So for the overall company, what was the book to revenue?.
1.28..
And then in terms of trying to decipher demand, secular demand versus macro, I apologize if you've answered this in the prepared remarks, but what are you seeing in terms of demand trends in a macro weakness, especially outside of the US given FX and given Europe's exposure to energy in particular.
It certainly doesn't seem to be adversely impacting your IP Optical business.
But how much of the Cloud and Edge weakness, or [Indiscernible] your response in terms what you're seeing in both businesses?.
I guess, if I break it into two pieces, certainly, the demand perspective, the demand backdrop around IP Optical improved significantly in the third quarter, as we expected and as we have guided, and it's a combination, obviously, of the momentum around the new products we're bringing to market.
And in particular, as I mentioned, the bookings in the third quarter increase around IP routing in particular now being more than half the bookings in the quarter for that segment, was really good to see underpinned or underlined by this new deal with Airtel in India.
I also, I think, mentioned the demand in Europe and the revenue in Europe, or Europe, Middle East Africa, kind of the whole EMEA region, was up pretty significantly in the quarter as well. Obviously, the Cloud and Edge business was down from previous quarter, down from the previous year.
I've mentioned, in particular, we had a great quarter with Verizon in the second quarter, and a lot of the activity in the third quarter was deploying some of those products. So revenue was kind of naturally down there, offset by real strength with AT&T and as I mentioned, now kind of once again becoming a 10% plus customer in the quarter.
So those are some of the dynamics I think that affected third quarter. As we look into the fourth quarter, again, as I think about the two segments in the IP Optical business, what we're projecting is really some increases in each of the geographies around the world. For the most part, every one of them, we're expecting some level of increase.
We don't think Europe is as strong from an increase perspective is what we saw in the third quarter. And obviously, part of the reduction in guidance here was around being a little more cautious around what happens in Europe, in particular, in the fourth quarter. As I also mentioned, we have some really significant opportunities in the federal space.

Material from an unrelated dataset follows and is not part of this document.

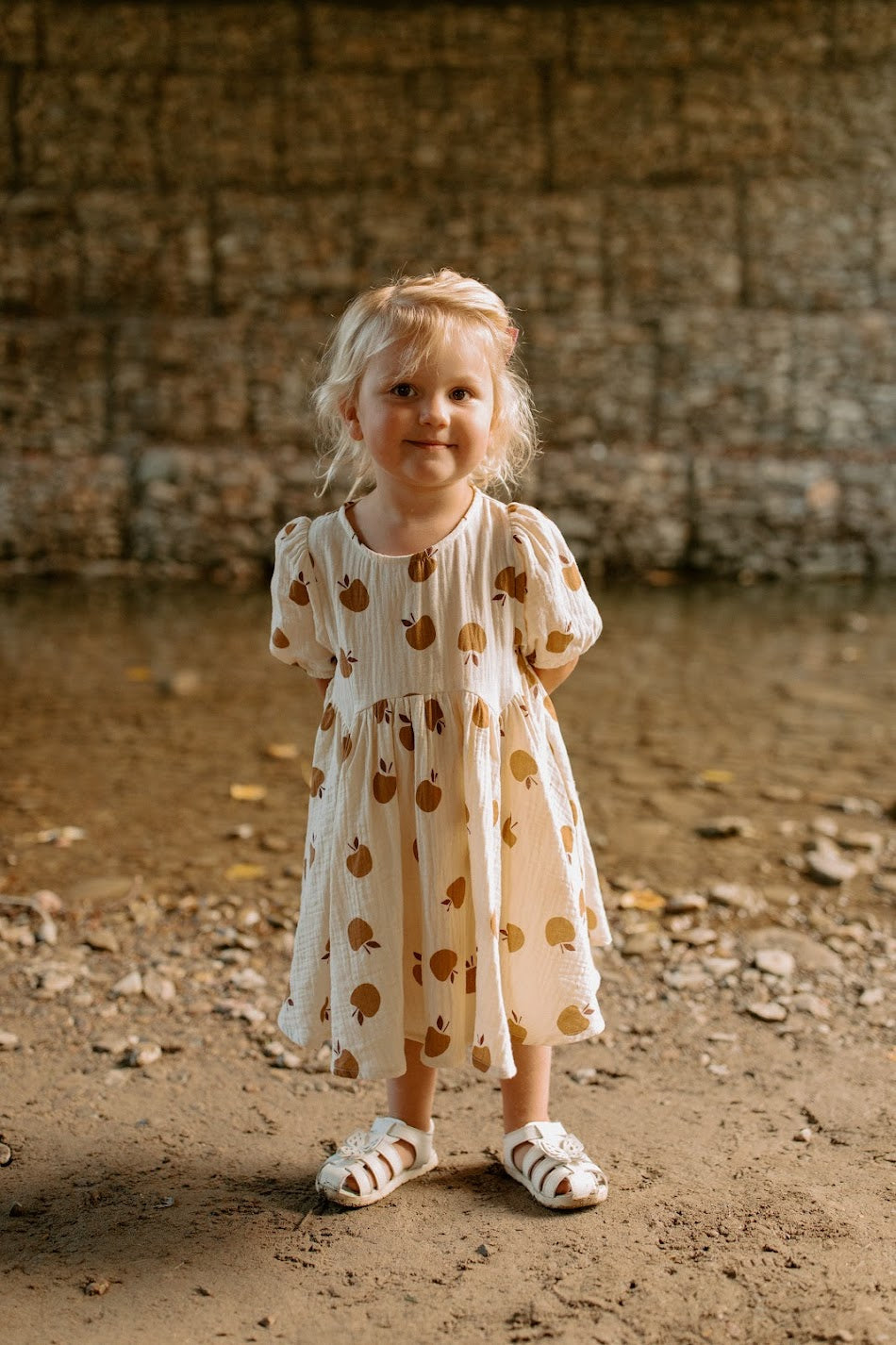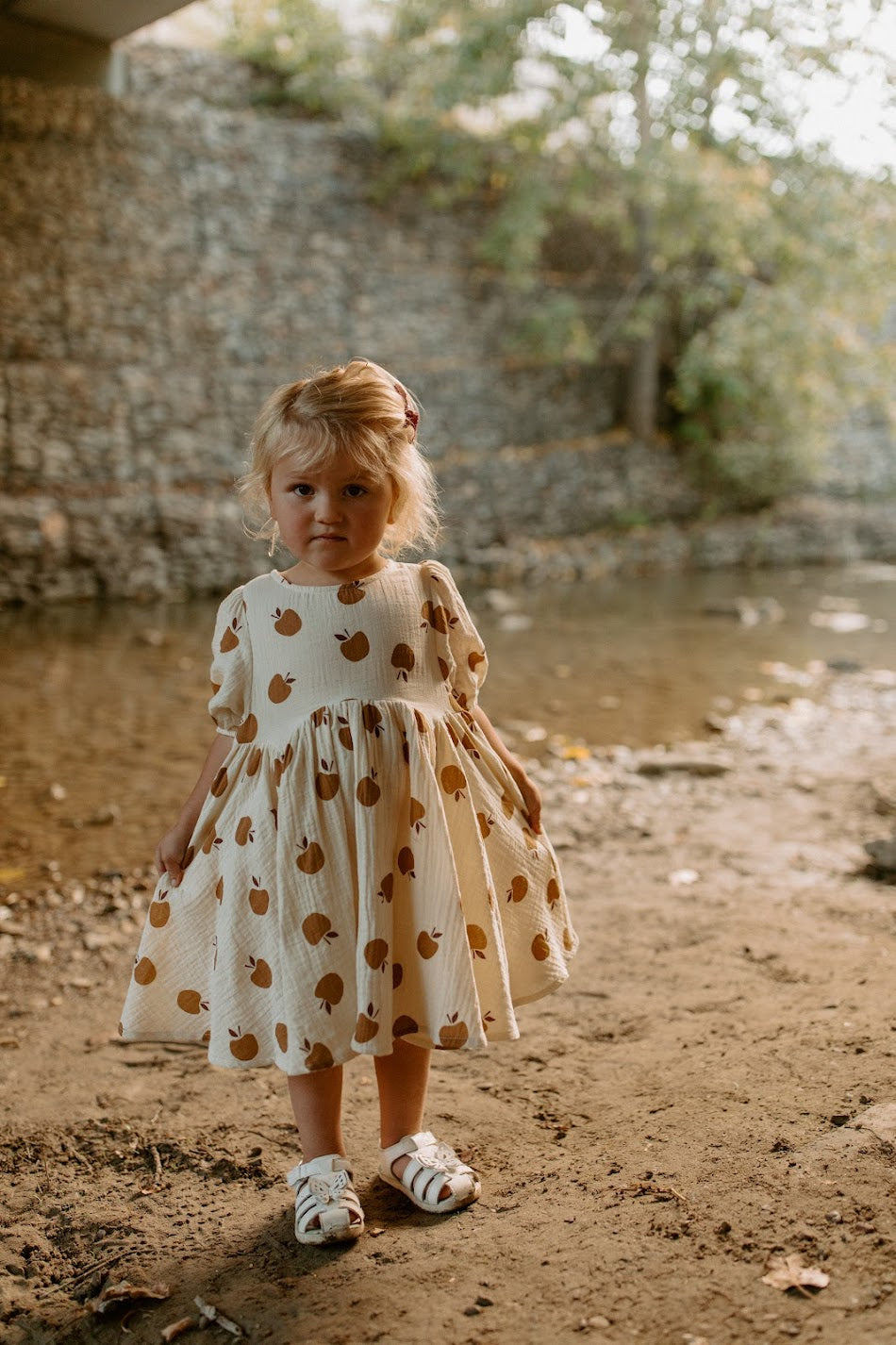 Made for crisp fall days, this darling dress is one every country mama will love! With a soft cream background sprinkled in a golden apple print, it’s as sweet as autumn itself. The gathered wassist and full skirt give her plenty of room to spin and play, while the puffed sleeves add a touch of timeless charm.

But just trying to predict the exact timing of when some of the deals go into procurement and when they get closed and as they flow to our partners, it's just been challenging to nail down exactly. So I've tried to be a little more cautious in what we see happen in the fourth quarter..
Bruce, I appreciate that you are not the largest supplier in the world. So it would not be unusual if there was a divorce between these larger trends and what you actually see for better or worse. But relative to your commentary about US Federal, about Europe and even beyond those two.

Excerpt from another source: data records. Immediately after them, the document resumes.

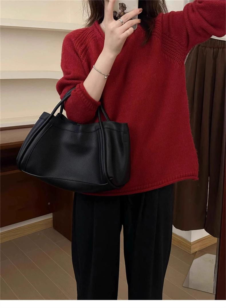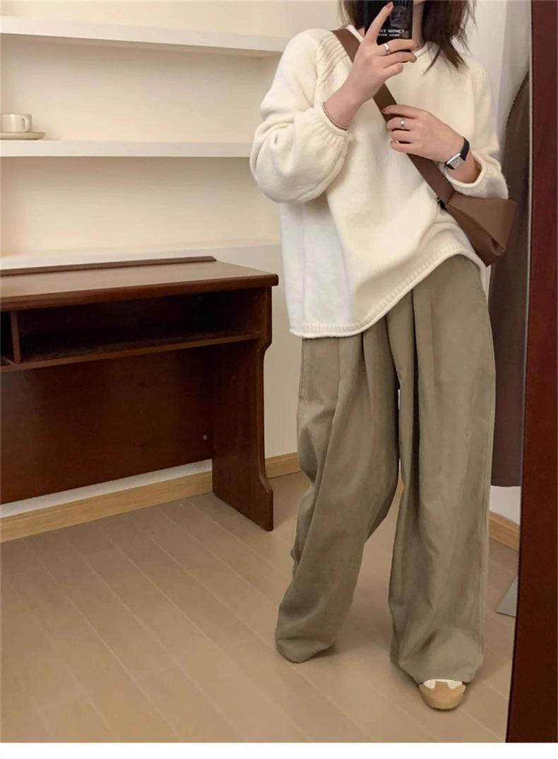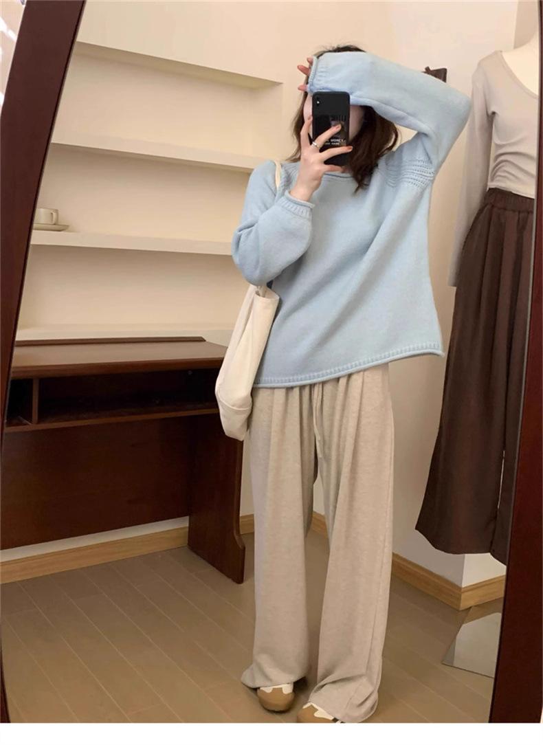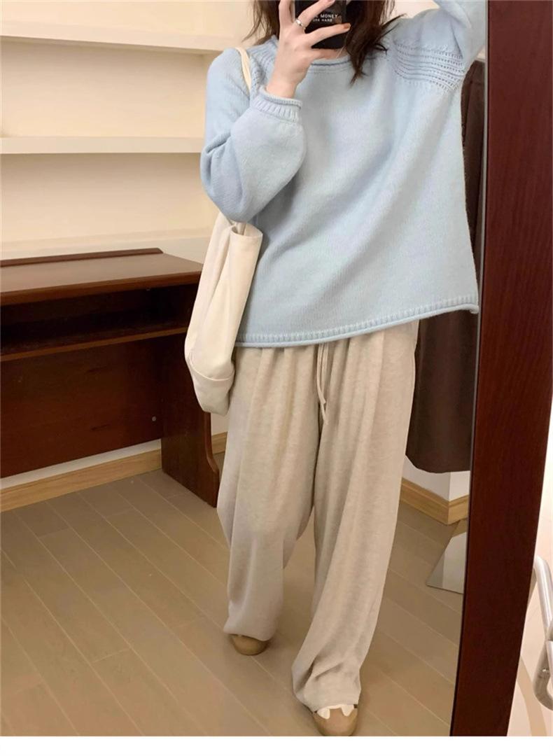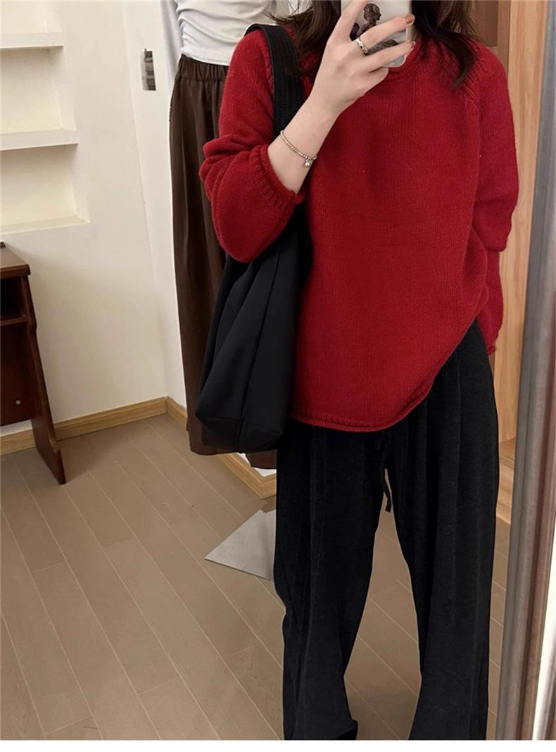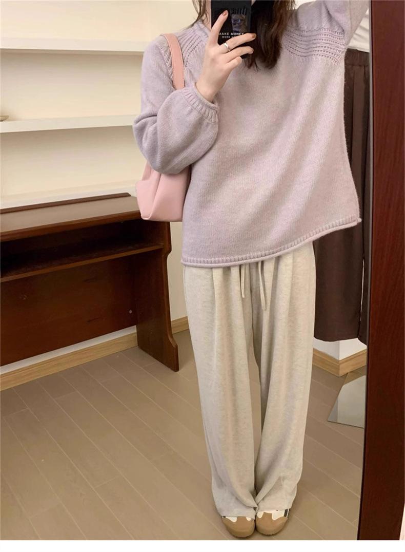 Suéter de Punto de Color Puro Estilo Francés para Mujer Nuevo Otoño e Invierno Estilo Holgado Perezoso Casual Top Interior para Mujer
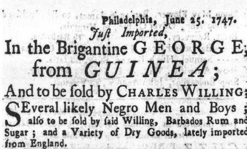 这则1747年的广告显示,宾夕法尼亚大学的一位董事曾参与奴隶买卖。 |
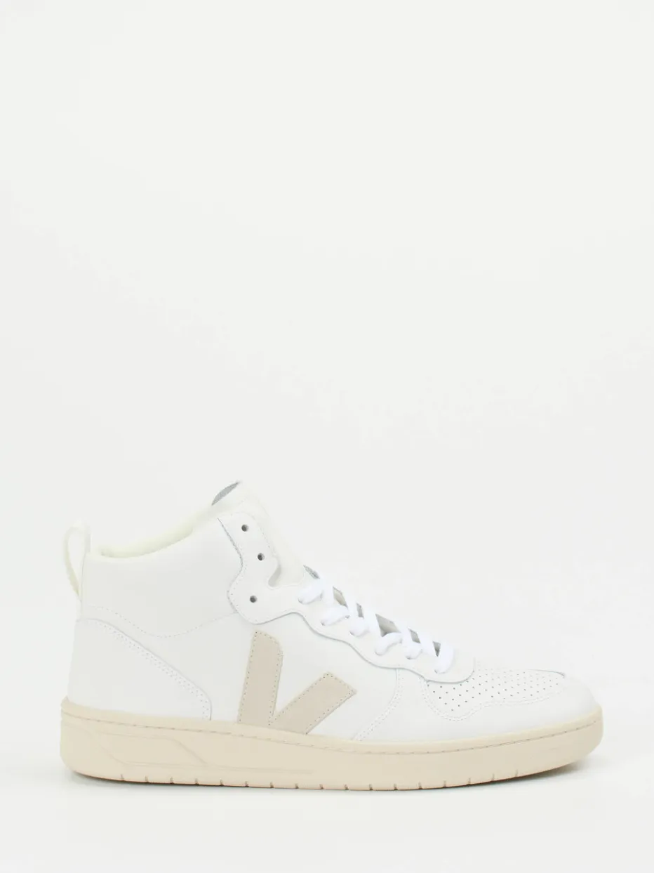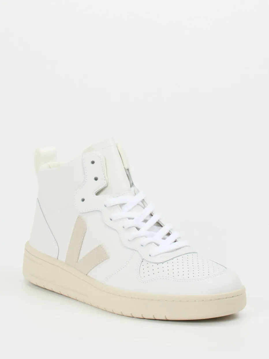 Urbaner Purismus mit Retro-Charakter.VEJA interpretiert den High-Top Sneaker als cleanes Essential für jeden Tag. Ob beim Stadtbummel oder im Café mit Freunden – das weiße Leder dieses Sneakers kombiniert mit einer Gummisohle aus Naturkautschuk schafft einen dezenten, sportlich-modernen Look. Die Oberfläche wirkt matt, während Ton-in-Ton-Nähte und ein appliziertes Wildleder-Logo dezente Akzente setzen. Textiles Innenfutter und perforierte Zehenkappe sorgen für Komfort und Atmungsaktivität. Von der Mode inspiriert, passt der Schuh nahtlos zur »Clean Aesthetic« und Retro-Court-Styles der aktuellen Saison. Ideal kombinierbar mit Basics in Creme oder Beige. Ein stilvoller Begleiter von VEJA – minimalistisch, funktional und klar im Design.

Are there -- is the caution, or the caution note about federal in Europe, is that because either US Federal and/or European carriers or customers have communicated to you and your team that due to macro concern, or in the case of Europe, perhaps FX as well, that they're reevaluating, pausing, slowing, elongating purchasing cycles, any of the traditional warning signs that are not just about rhythm but broader in terms of these broader trends? And again, the question is not just something special in Europe but general Asia-PAC.
Any of your service buyers [Indiscernible] extent causing you concern and same thing on US Federal?.
Yes, to provide a little more color, in particular, around Europe. Quite a bit of our business in Europe is with critical infrastructure providers. So it's a range of transportation, oil and gas, railways, those types of customers that are investing in programs and projects to build out their own infrastructure.
And I think we've got a great pipeline of opportunities and nothing's kind of happened that's caused anything to really disappear. I just think -- I expect that decision making on some of these takes longer given the macro environment.
Now, clearly, in Q3, we saw great increase in business in Europe over the previous quarter and we expect Q4 to be a strong quarter. But as I look at individual opportunities and trying to predict exactly when they close and when they go to revenue, I'm trying to be a little more cautious.
So it's not so much a macro service provider commentary as it is more specificity around where we're selling in Europe. Federal is somewhat similar. I mean, there's a whole lineup of different programs being contemplated and bid.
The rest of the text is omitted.